= DATA SECTION =

>>>

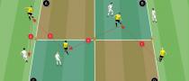 Technikai-motoros szakasz labdavezetéssel + 1-1 elleni szituáció kapura rúgással és átmenettel |
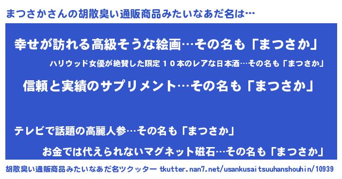 | ヘコむあだ名 | 『まつお』『牛乳』『まつさか(苦笑)』 |
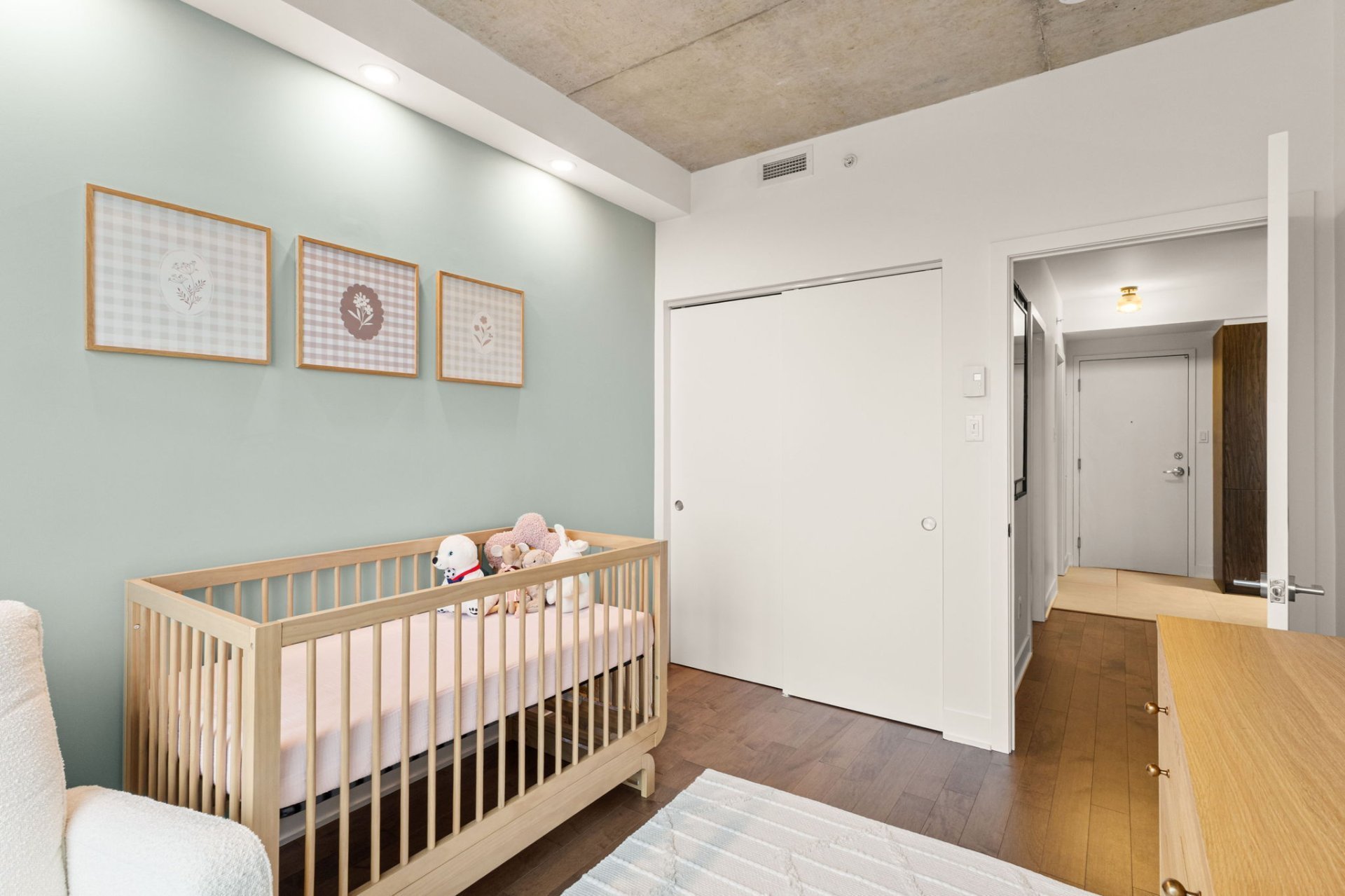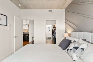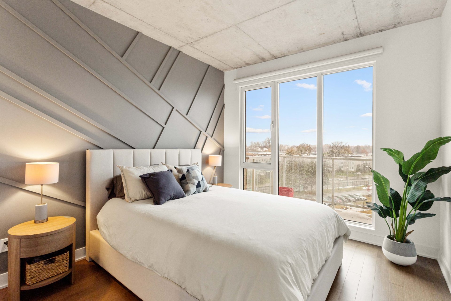 and a wood accent wall in the primary bedroom.
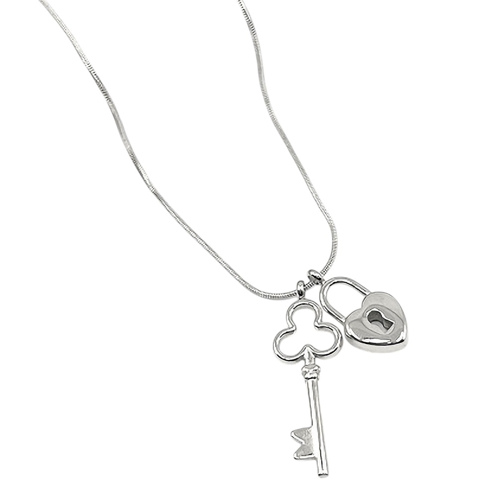 Stainless Steel Heart Lock Clover Key Pendant Necklace Stainless Steel Heart Lock Clover Key Pendant Necklace Stainless Steel Heart Lock Clover Key Pendant Necklace

<<<

= EXERCISE REQUIREMENTS =
Going from the line that holds "and a wood accent" to the end of the listing above, copy each line exactly and nothing more, leaving pictures aside.

= OUTPUT =
 and a wood accent wall in the primary bedroom.
 Stainless Steel Heart Lock Clover Key Pendant Necklace Stainless Steel Heart Lock Clover Key Pendant Necklace Stainless Steel Heart Lock Clover Key Pendant Necklace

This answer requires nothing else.